Indeed the conditional distribution of $X_1$ conditioned on $U=u$ is neither discrete nor continuous, having a discrete part which is half of the Dirac mass at $u$ and a continuous part which is half of the uniform distribution on $(u,1)$. That is, your final formula... (Which there are more rigorous ways to write down and to reach than the one in your post, I have to add.) — Did, Nov 01 '15 at 09:29
yes, there are more formal ways. The real exercise is to calculate the regular conditional probability of $X_1$ given $U,$ but I can't find the answer formally. So I just need something informal to make a guess and then try to prove that it's right. But I am very interested in formal ways to find the answer, which I don't know. — Kore-N, Nov 01 '15 at 09:35
For a rigorous approach, try to adapt this. Note that for every measurable bounded test function $g$, $$E(g(X_1,U))=\int_0^1g(x,x)(1-x)dx+\int_0^1\int_0^xg(x,u)dudx,$$ that is, $$E(g(X_1,U))=\int_0^1\int_0^1g(x,u)((1-u)\delta_u(dx)du+\mathbf 1_{u<x}dudx),$$ thus, the joint distribution of $(X_1,U)$ is $$(1-u)\delta_u(dx)du+\mathbf 1_{u<x}dudx.$$ To find the conditional distribution $\mu_u$ of $X_1$ conditioned on $U=u$, freeze $u$ in this formula. Thus, ... — Did, Nov 01 '15 at 09:48
... $\mu_u$ is proportional to $(1-u)\delta_u(dx)+\mathbf 1_{u<x}dx$, whose total mass is $2(1-u)$, hence finally, $$\mu_u(dx)=\frac12\delta_u(dx)+\frac12\frac{\mathbf 1_{u<x}}{1-u}dx.$$ — Did, Nov 01 '15 at 09:48
This formula simply means that, for every measurable bounded $g$, $$E(g(X_1)\mid U=u)=\frac12g(u)+\frac12\frac1{1-u}\int_u^1g(x)dx,$$ which entirely characterized the desired conditional distribution. — Did, Nov 01 '15 at 09:54
Thank you! Actually I managed the part on the conditional distribution, I had real difficulties to prove that the thing I found was the joint probability density, (which I needed to prove that the other thing I found was a version of the conditional expectation. The testing on all Gs idea is quite a good idea :) — Kore-N, Nov 01 '15 at 10:10
To be complete, yes this is a good idea (one could even call it the canonical approach) but it is not mine... :-) — Did, Nov 01 '15 at 10:19

Zhanxiong · Accepted Answer · 2017-06-09T02:19:44.490

A measure-theoretic solution:

Let $F$ denote the distribution function of $X$. Intuition gives that the conditional probability of the event $[U > u]$ given the $\sigma$-field $\sigma(X)$ is given by: $$P(U > u | X)(\omega) = I_{[X > u]}(\omega)(1 - F(u)) \tag{$*$}.$$ (A rigorous proof for $(*)$ will be given at the end of this answer.) Intuitively, for fixed $u$, given the observation of $X(\omega)$, if $X(\omega) \leq u$, there is no hope that $U(\omega)$, which is at most $X(\omega)$, can exceed $u$, this explains the existence of the first term of $(*)$; if $X(\omega) > u$, then $U(\omega) > u$ if and only if $Y(\omega) > u$, by independence of $X$ and $Y$, this gives $1 - F(u)$.

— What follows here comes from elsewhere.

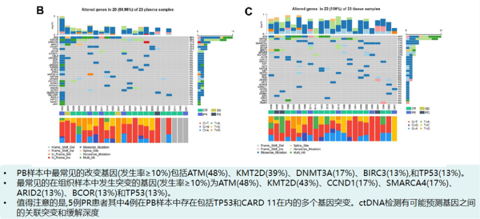 奥布替尼联合利妥昔单抗已被证明可以协同增效诱导的NK细胞介导的ADCC,促进肿瘤凋亡。奥布替尼联合来那度胺和利妥昔单抗(OLR)的治疗方案,作为一线治疗未经治疗的MCL患者,已在POLARIS研究中显示出显著的疗效和良好的耐受性。截至2024年2月15日的数据截止日期,29例患者中,96.6%完成了6个周期的诱导治疗,其中67.9%达到了完全缓解(CR),总缓解率(ORR)为85.8%。此外,通过二代测序(NGS)检测外周血循环肿瘤DNA(ctDNA),以评估肿瘤的深度缓解情况,能够有助于预测预后。ctDNA的水平越低,表明肿瘤残留越少,提示患者可能有更好的预后和治愈的潜在可能性。在25例MRD分析中,外周血MRD(PB-MRD)和骨髓MRD (BM-MRD)均为阴性。在安全性方面,28例患者中96.6%发生了不良事件,主要为血液学毒性,但无死亡报告。这些数据表明,奥布替尼联合方案不仅在提高缓解率方面展现出潜力,同时保持了治疗的安全性。

Now for any $x \in \mathbb{R}^1$, since $[X \leq x] \in \sigma(X)$, it follows by $(*)$ that \begin{align} & P(U > u, X \leq x) \\ = & \int_{X \leq x} P(U > u|X)(\omega) dP \qquad \text{by the definition of conditional probability} \\ = & \int_{X \leq x} (1 - F(u))I_{[X > u]}(\omega) dP \qquad \text{by $(*)$} \\ = & \int_{(-\infty, x]}(1 - F(u))I_{(u, +\infty)}(v) dF(v) \qquad \text{change of variable formula}\\ = & \begin{cases} 0 & \text{if $x \leq u$}; \\ (1 - F(u))(F(x) - F(u)) & \text{if $x > u$}. \end{cases} \end{align} Together with that $P(X \leq x) = F(x)$, it follows that \begin{align} & P(U \leq u, X \leq x) \\ = & P(X \leq x) - P(U > u, X \leq x) \\ = & \begin{cases} F(x) & \text{if $x \leq u$}; \\ F(x) - (1 - F(u))(F(x) - F(u)) & \text{if $x > u$}. \end{cases} \tag{$**$} \end{align}

Proof of $(*)$: Clearly, the right hand side of $(*)$ is $\sigma(X)$-measurable, in view of $\{X > u\} \in \sigma(X)$. In addition, for every $H \in \mathscr{R}^1$, by the change of variable formula, \begin{align*} & \int_{X \in H} I_{[X > u]}(\omega)(1 - F(u))dP = (1 - F(u))\int_H I_{(u, +\infty)}(x)dF(x) = P(Y > u)P([X \in H] \cap [X > u]) \\ = & P([Y > u] \cap [X > u] \cap [X \in H]) = P([U > u] \cap [X \in H]), \end{align*} where we used $X$ and $Y$ are independent in the first equal sign of the second line above. Since $[X \in H]$ is the general element of $\sigma(X)$, this proves $(*)$.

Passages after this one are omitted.